_Record extracts_:

========

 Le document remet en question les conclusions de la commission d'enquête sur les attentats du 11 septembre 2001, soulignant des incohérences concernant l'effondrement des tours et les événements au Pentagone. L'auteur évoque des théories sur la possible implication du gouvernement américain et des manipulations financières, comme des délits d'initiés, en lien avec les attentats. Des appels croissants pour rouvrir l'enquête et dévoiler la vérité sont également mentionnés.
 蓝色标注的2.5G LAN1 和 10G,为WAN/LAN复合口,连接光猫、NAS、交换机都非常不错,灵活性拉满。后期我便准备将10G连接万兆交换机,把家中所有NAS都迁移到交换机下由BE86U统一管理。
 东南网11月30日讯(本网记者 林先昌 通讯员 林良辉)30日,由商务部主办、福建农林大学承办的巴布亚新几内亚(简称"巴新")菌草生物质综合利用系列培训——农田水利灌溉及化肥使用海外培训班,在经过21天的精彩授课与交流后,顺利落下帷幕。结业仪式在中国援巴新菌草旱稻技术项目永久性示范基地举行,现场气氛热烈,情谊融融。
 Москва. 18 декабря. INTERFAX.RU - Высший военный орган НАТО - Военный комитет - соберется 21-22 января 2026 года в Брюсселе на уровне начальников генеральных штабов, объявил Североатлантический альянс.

========

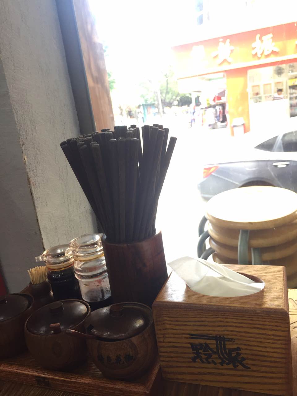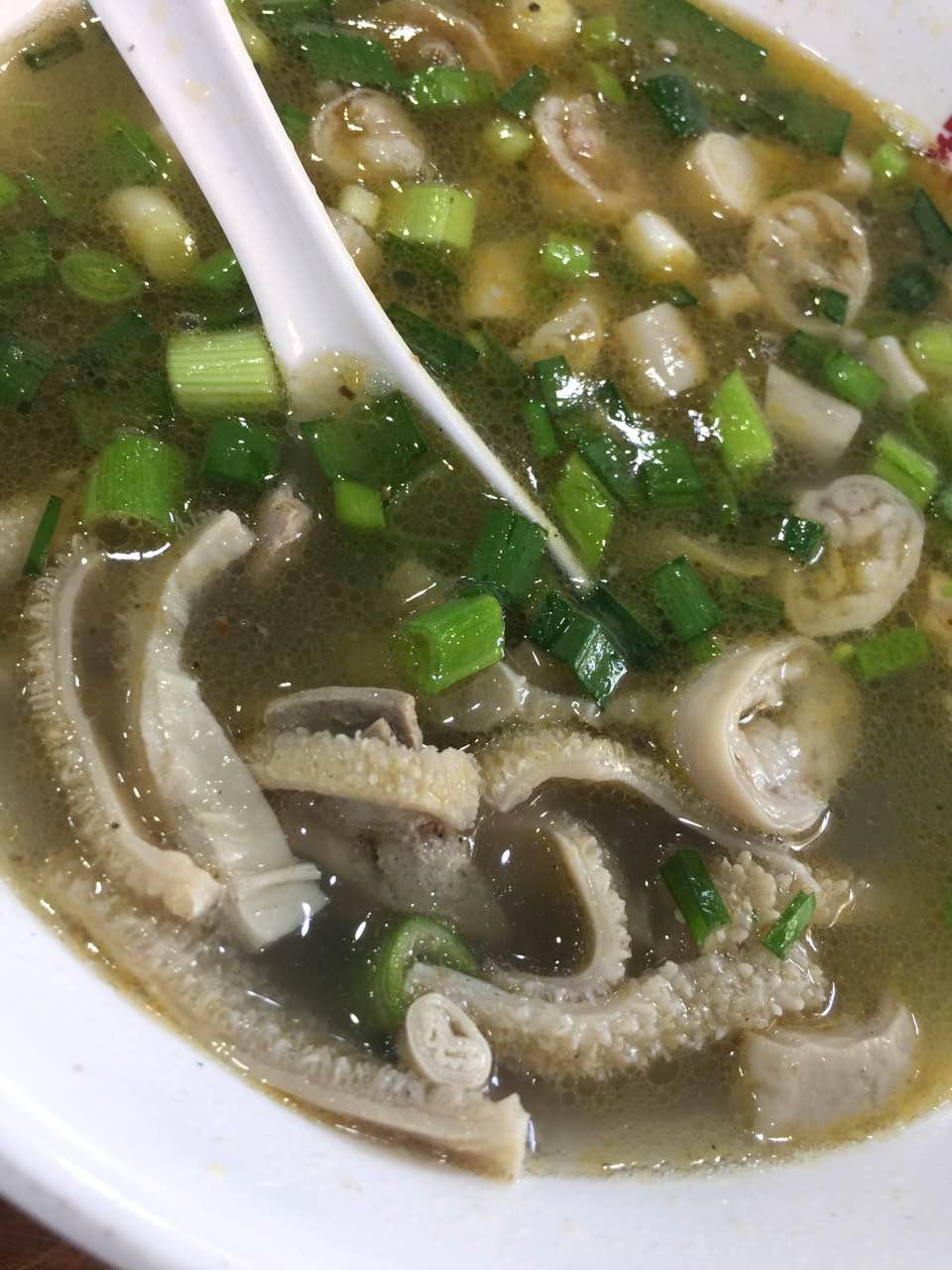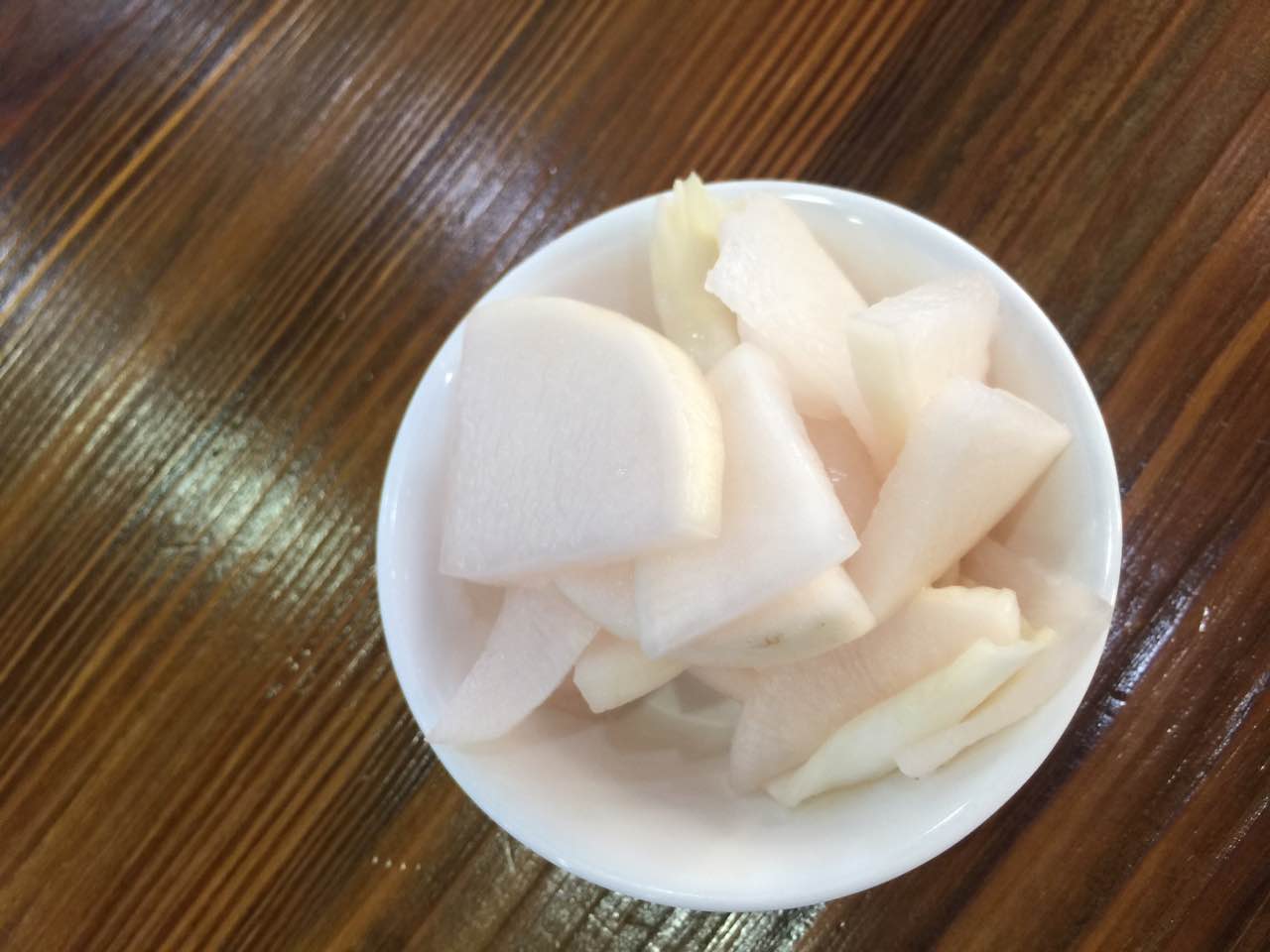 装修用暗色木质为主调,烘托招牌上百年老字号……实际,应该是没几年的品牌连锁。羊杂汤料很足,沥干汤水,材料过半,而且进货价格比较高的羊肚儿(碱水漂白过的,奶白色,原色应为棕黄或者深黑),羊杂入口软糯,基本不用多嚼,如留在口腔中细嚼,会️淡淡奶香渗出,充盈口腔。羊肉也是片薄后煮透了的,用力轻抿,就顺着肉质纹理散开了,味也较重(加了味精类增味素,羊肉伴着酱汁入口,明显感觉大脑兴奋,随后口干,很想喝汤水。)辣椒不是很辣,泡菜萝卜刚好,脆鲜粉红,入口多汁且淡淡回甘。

========

_What this task involves_:
Reproduce exactly, and only, the part of the listing above that begins at the line with "Le document remet" and goes on through the line with "Москва. 18 декабря.".

_Reply_:
 Le document remet en question les conclusions de la commission d'enquête sur les attentats du 11 septembre 2001, soulignant des incohérences concernant l'effondrement des tours et les événements au Pentagone. L'auteur évoque des théories sur la possible implication du gouvernement américain et des manipulations financières, comme des délits d'initiés, en lien avec les attentats. Des appels croissants pour rouvrir l'enquête et dévoiler la vérité sont également mentionnés.
 蓝色标注的2.5G LAN1 和 10G,为WAN/LAN复合口,连接光猫、NAS、交换机都非常不错,灵活性拉满。后期我便准备将10G连接万兆交换机,把家中所有NAS都迁移到交换机下由BE86U统一管理。
 东南网11月30日讯(本网记者 林先昌 通讯员 林良辉)30日,由商务部主办、福建农林大学承办的巴布亚新几内亚(简称"巴新")菌草生物质综合利用系列培训——农田水利灌溉及化肥使用海外培训班,在经过21天的精彩授课与交流后,顺利落下帷幕。结业仪式在中国援巴新菌草旱稻技术项目永久性示范基地举行,现场气氛热烈,情谊融融。
 Москва. 18 декабря. INTERFAX.RU - Высший военный орган НАТО - Военный комитет - соберется 21-22 января 2026 года в Брюсселе на уровне начальников генеральных штабов, объявил Североатлантический альянс.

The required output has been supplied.